Giuliani minces no words: He's running

By Jim Fitzgerald, Associated Press, 2/12/2000

HITE PLAINS, N.Y. - Not that it surprised anyone, but New York Mayor Rudolph Giuliani yesterday finally stated outright that he is running for the US Senate.

After a stump speech on the porch of the clapboard house that serves as Westchester County Republican headquarters, Giuliani was asked if he was an official candidate.

''I don't know what an official candidate is,'' he said. ''I am very interested in running. I am running. Look what I'm doing, I'm not walking. ... Give me a break, I'm running.''

Though Giuliani has long been campaigning and was the obvious Republican candidate to oppose Democrat Hillary Rodham Clinton, he had not said, ''I'm running,'' until yesterday.

Last Sunday, while making the rounds of political talk shows, he found various ways to avoid it, coming closest when he said ''Looks that way'' when a questioner asked if he planned to run. But he also said, ''There's always doubt.''

His campaign manager, Bruce Teitelbaum, said yesterday that the mayor's statement ''should not be construed as his official announcement.''

''This may be the first time he's said those words but he's said that kind of thing before,'' Teitelbaum said. ''No decision has been made on an official announcement and there may not be one.''

But the Westchester GOP was impressed. ''Maybe we'll put up a plaque,'' said county chairman Jim Cavanaugh. He said the mayor told lunch companions after his statement that he didn't want to make ''a Hollywood-style announcement.''

Clinton campaign spokeswoman Karen Dunn said, ''We welcome the mayor to the race. Maybe now he will start talking about what he would do as a United States senator.''

Clinton made her formal announcement Sunday, in a college gymnasium packed with thousands of supporters and bedecked with red, white, and blue posters.

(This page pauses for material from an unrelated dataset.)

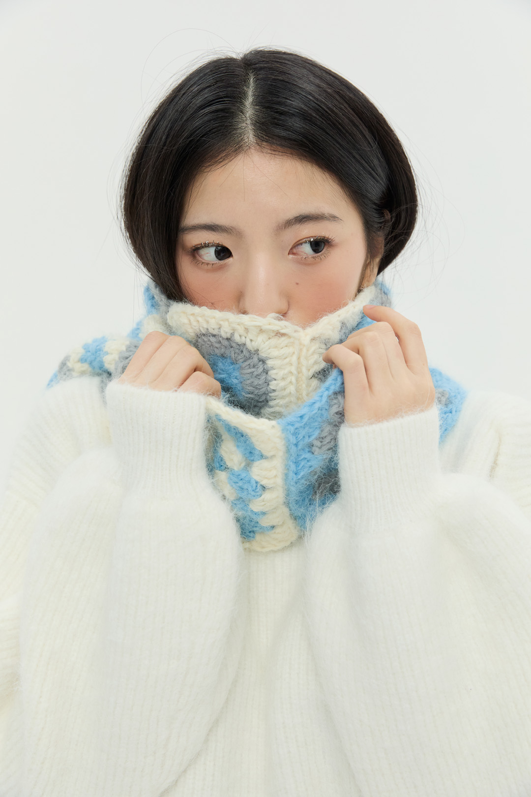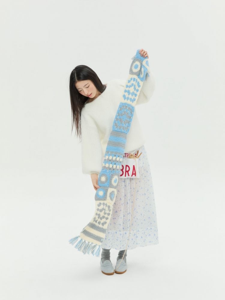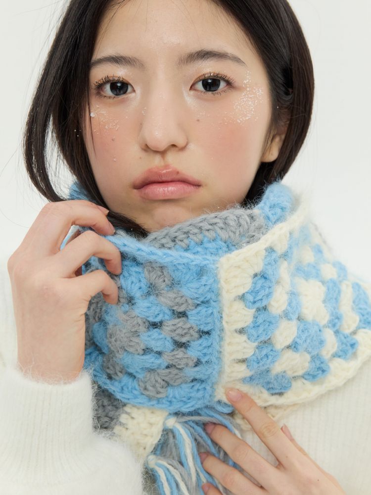 다양한 그래니 패턴을 활용한 '그래니 플러피 머플러'입니다.

Giuliani's statement yesterday came before about 150 people, many of them local Republican officials, on the porch, the snow-covered lawn and sidewalk outside the house on Mamaroneck Avenue.

In his speech, the mayor poked fun at Clinton's house-hunting in Westchester.

When he walked to the microphones to chants of ''Rudy, Rudy,'' he said, ''I don't know what all the fuss is about. I'm just hanging around here looking for a house.''

He also suggested that if Clinton loses the race, she might leave the family's new home in nearby Chappaqua.

''Around Jan. 1, I'm going to need a place to live, and I understand there may be a house on the market around here,'' he said.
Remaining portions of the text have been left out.